For the pilot study, staff and faculty at a large urban hospital in Philadelphia, who were accustomed to eating their lunch in the employee cafeteria, were monitored. The 26 participants were all overweight or obese, willing to eat at least 3 times per week in the hospital cafeteria, and agreed to allow researchers to collect data about their lunch purchases from the cafeteria.

Participants were asked to use an online ordering tool to select their meals at least 45 minutes before picking up their lunch in the cafeteria. Note: The online tool had a nutritional breakdown for each food item; this information was not available in the cafeteria.

After an initial 4 to 8 weeks of monitoring the participants’ usual purchases at the cafeteria, the researchers used the next 4 weeks as a full intervention period. They provided the participants with mindful eating training strategies, including tips to help avoid emotional eating and how to be more present and less distracted at lunchtime (ie, avoid television or other media while eating). They also received price discounts toward lunch purchases.

Finally, the last 4 weeks were considered a reduced intervention phase, where researchers encouraged participants to continue using the system without the price discount coupons.

The Results

At the conclusion of the study, the researchers compared the participants’ usual average caloric intake with the selections they made using the advance ordering tool.

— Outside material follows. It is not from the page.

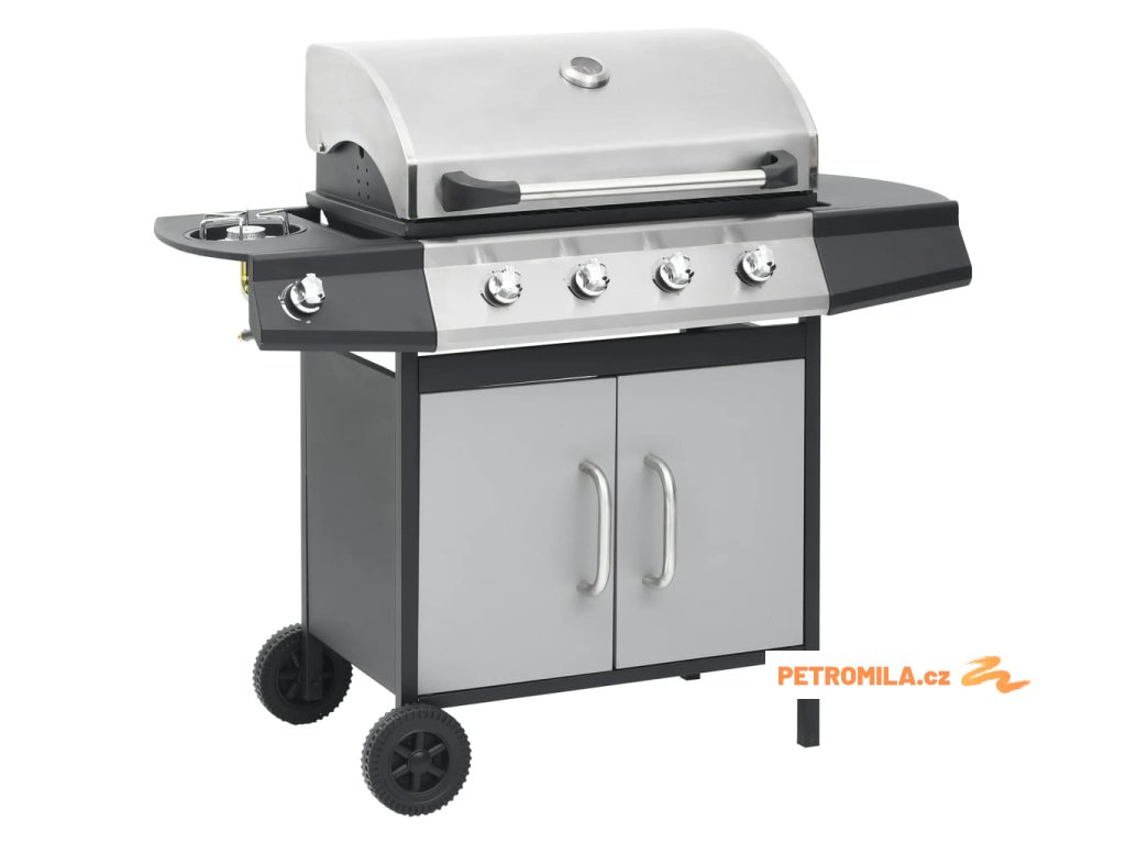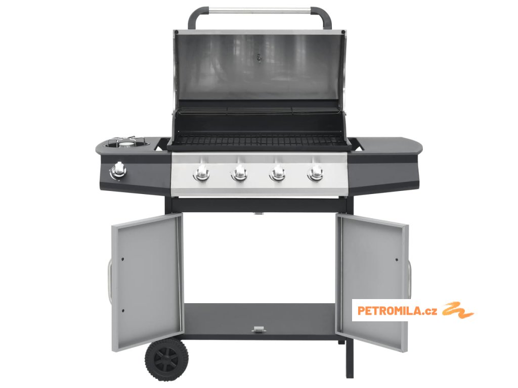 Plynový gril 4+1 hořáky černý a stříbrný ocel a nerezová ocel

The participants averaged 70 fewer calories when using the coupons in the full intervention period and 115 fewer calories without the coupons after meal planning became part of the routine. Overall, participants reduced their fat intake by as much as 5 grams of fat.

What’s the “Take Home”?

Simply making lunch choices in advance of mealtime led participants to choose foods with fewer calories and less fat than they would otherwise. Note: The participants were not given instruction in nutrition and that the mindfulness training has nothing to do with being mindful of caloric intake.

In this study, the participants lost about 1 pound each—not a significant amount, but that was not the intention. Advance planning can be very beneficial for those patients who are consciously trying to lose weight.

Reference:

1. Stites SD, Singletary SB, Menasha A, et al. Pre-ordering lunch at work: results of the what to eat for lunch study. Appetite. 2014;84:88-97.